-- RECORDED DATA follows --

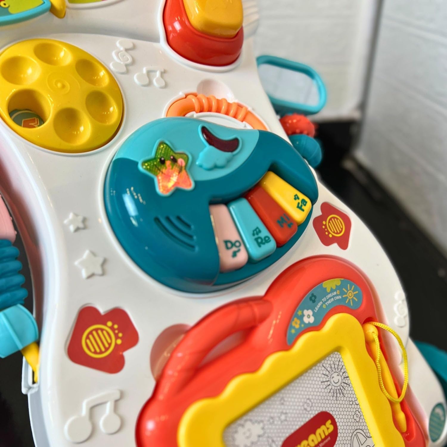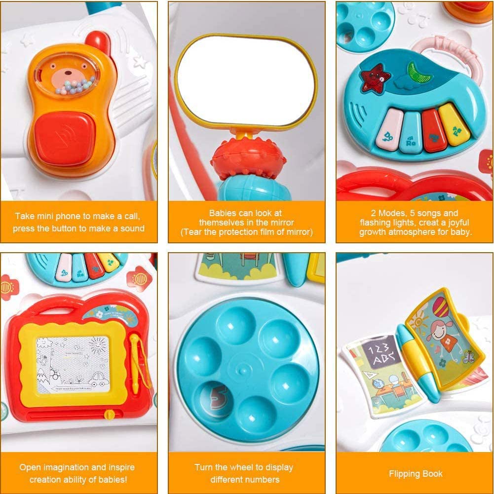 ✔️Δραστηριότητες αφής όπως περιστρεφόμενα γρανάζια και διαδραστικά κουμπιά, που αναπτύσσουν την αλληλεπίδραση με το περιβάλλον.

-- RECORDED DATA concluded --
-- RECORDED DATA follows --

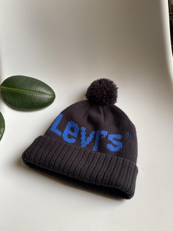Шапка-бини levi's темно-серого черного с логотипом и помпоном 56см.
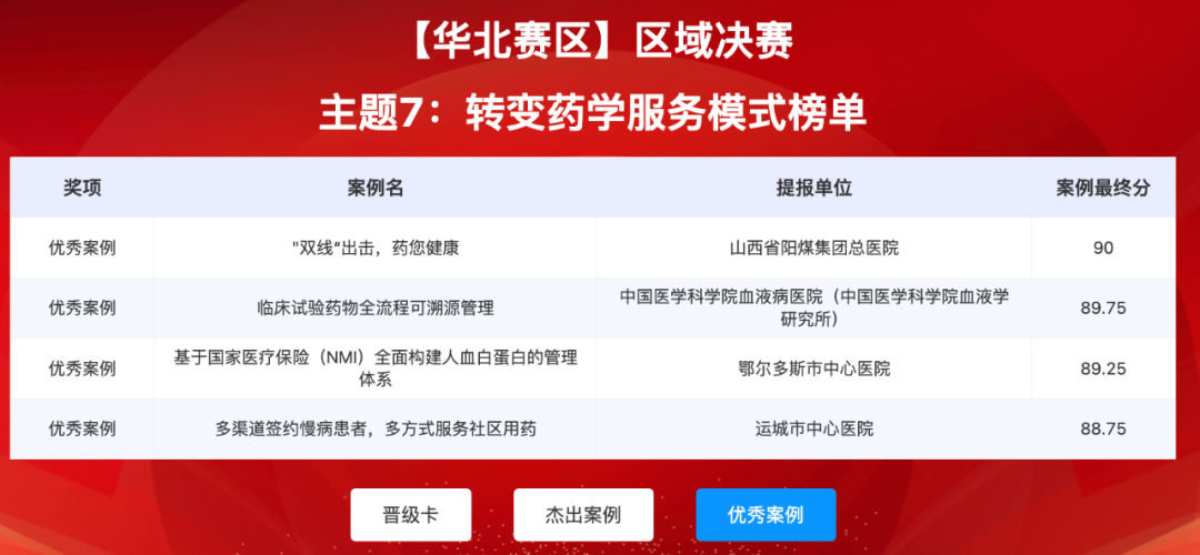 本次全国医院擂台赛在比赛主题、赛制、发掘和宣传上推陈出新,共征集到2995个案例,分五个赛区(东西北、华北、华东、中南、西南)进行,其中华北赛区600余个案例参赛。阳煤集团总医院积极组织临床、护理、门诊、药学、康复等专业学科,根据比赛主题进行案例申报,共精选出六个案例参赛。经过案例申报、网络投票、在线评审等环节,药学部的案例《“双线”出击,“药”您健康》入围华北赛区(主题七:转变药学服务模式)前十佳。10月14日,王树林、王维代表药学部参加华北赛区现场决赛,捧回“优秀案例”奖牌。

-- RECORDED DATA concluded --

# WORK REQUIRED:
Start at the line above containing "Шапка-бини levi's темно-серого" and stop at the line containing "本次全国医院擂台赛在比赛主题": print those lines and everything between them exactly, but not the pictures.

# SOLVED EXERCISE:
Шапка-бини levi's темно-серого черного с логотипом и помпоном 56см.
 本次全国医院擂台赛在比赛主题、赛制、发掘和宣传上推陈出新,共征集到2995个案例,分五个赛区(东西北、华北、华东、中南、西南)进行,其中华北赛区600余个案例参赛。阳煤集团总医院积极组织临床、护理、门诊、药学、康复等专业学科,根据比赛主题进行案例申报,共精选出六个案例参赛。经过案例申报、网络投票、在线评审等环节,药学部的案例《“双线”出击,“药”您健康》入围华北赛区(主题七:转变药学服务模式)前十佳。10月14日,王树林、王维代表药学部参加华北赛区现场决赛,捧回“优秀案例”奖牌。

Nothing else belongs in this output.